I was scared to death.
I did feel stupid.
I was going home.
But there was something else…something that wouldn’t let go…something that started with the touch of her fingers.
The touch was still there.
Candy’s touch. I could still feel it, impressed in the memory of my skin: hot, cold, electric, eternal, the touch of another. It was exhilarating, tingling, intoxicating. And as I walked the streets, I couldn’t stop looking at my fingers, staring at the contours and whorls, searching for the spot where she’d touched me. I kept wanting to feel my skin, to feel the memory from the outside, but I was afraid that touching it might somehow remove the feeling inside…
And that was just the start of it.
Deep down inside me, buried beneath all the chaos, I could sense a feeling I’d never felt before. I didn’t know what it was. I didn’t know if it was a good feeling or a bad feeling or something in between…I wasn’t even sure it was a feeling at all. It was just something—an unknown shade, a barely perceptible signal, like a flickering candle on a distant hill. I knew i
t was there, but most of the time it was too faint to see, and even when I could see it, I couldn’t tell if I was seeing it or hearing it or smelling it or feeling it…
It was too many things all at once: a light in the darkness, a crying voice, the scent of freshly washed skin, some wonderful oblivion…
It didn’t make sense.
And neither did I.
I’d reached the end of the avenue now, but I couldn’t remember getting there. And I didn’t know why I was standing at the foot of the driveway outside my house, gazing up at the moon. But that’s what I was doing. And I must have been doing it for a while, because my hands and face were freezing cold and my neck was as stiff as a board.

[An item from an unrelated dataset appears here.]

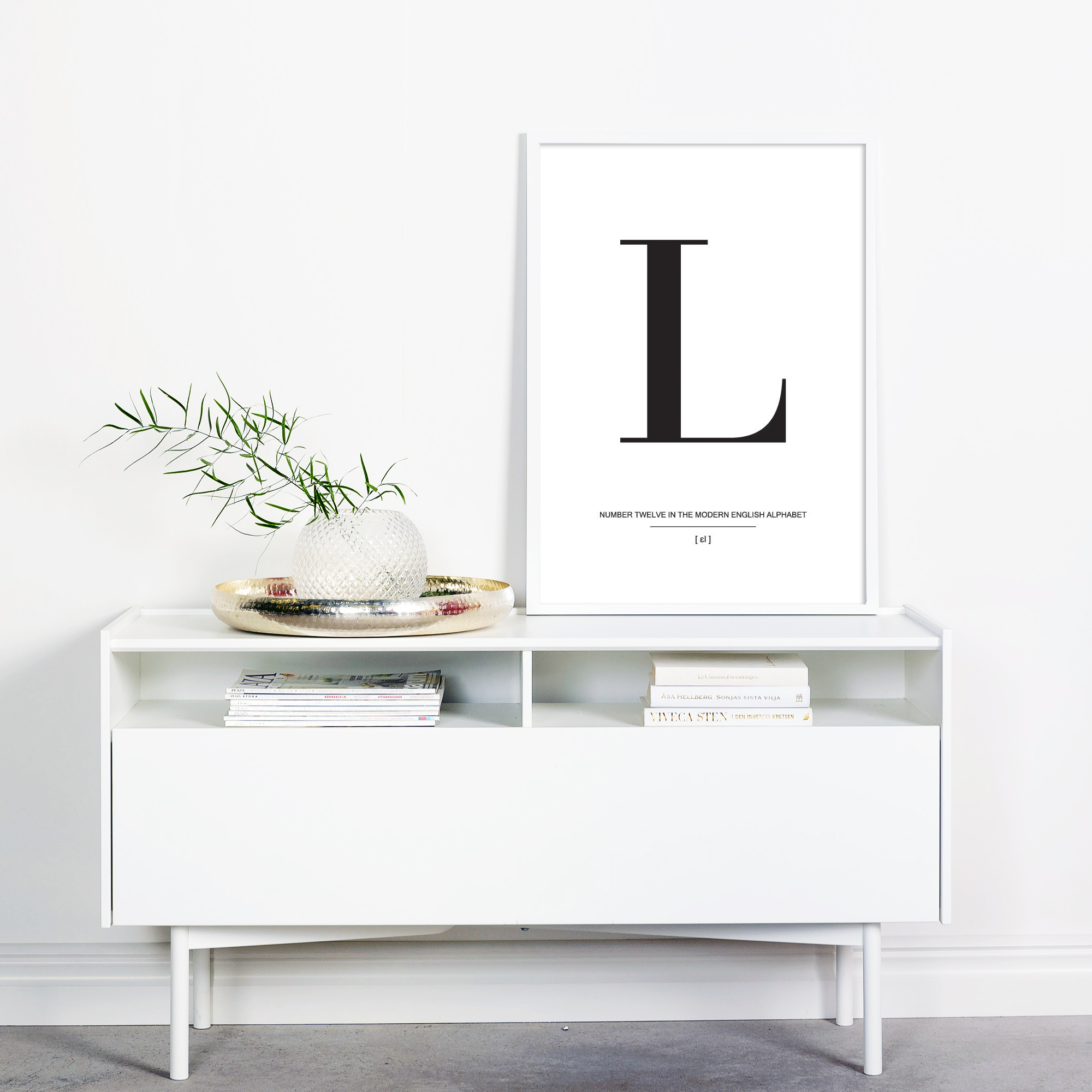 Dans la simplicité réside la beauté, et c'est exactement ce que prouve ce poster épuré avec la lettre L en noir sur un fond blanc. Le print a une typographie élégante et devrait être complété par d'autres posters de lettres de la même série pour créer un mur de cadres tendance et magnifique. Choisissez vos posters de lettres préférés et sélectionnez parmi notre large gamme de cadres de qualité, puis laissez libre cours à votre imagination sur les murs de votre maison.

God knows what I was looking for.
There was nothing up there for me.
I opened the gate and headed up the gravel driveway.
The house looked quiet—curtains drawn, soft lights, silent and still—but that wasn’t unusual. It’s an old vicarage, our house—a three-story gray-stone building set back from the street in a walled half acre of rolling lawns and pine trees and well-tended hedges. It always looks quiet.
Too quiet sometimes.
It wasn’t so bad when Mum was still living here and Dad was running his surgery from a couple of rooms on the ground floor, but Mum’s been gone for a while now, and Dad opened up a smart new office in Chelmsford last year, so now the house feels bleak and empty most of the time.
Not that I mind bleak and empty—in fact, I quite like it. Especially when it’s shrouded in comfort, which it is. Comfort, safety, warmth, tranquillity…
Home sweet home.
Dad’s car was parked at the top of the driveway. He’d told me earlier that he was going out that night and I was hoping he’d already gone, but it looked as if I was out of luck.
Not that it really mattered.
I just didn’t feel like seeing him, that’s all.
I didn’t feel like anything.
When I opened the front door, he was standing in the hallway putting on his coat.
“Where the hell have you been?” he said, looking at his watch. “It’s nearly ten o’clock.”
“The trains were late,” I told him, shutting the door.
He shook his head. “I just rang them—they said there weren’t any problems.”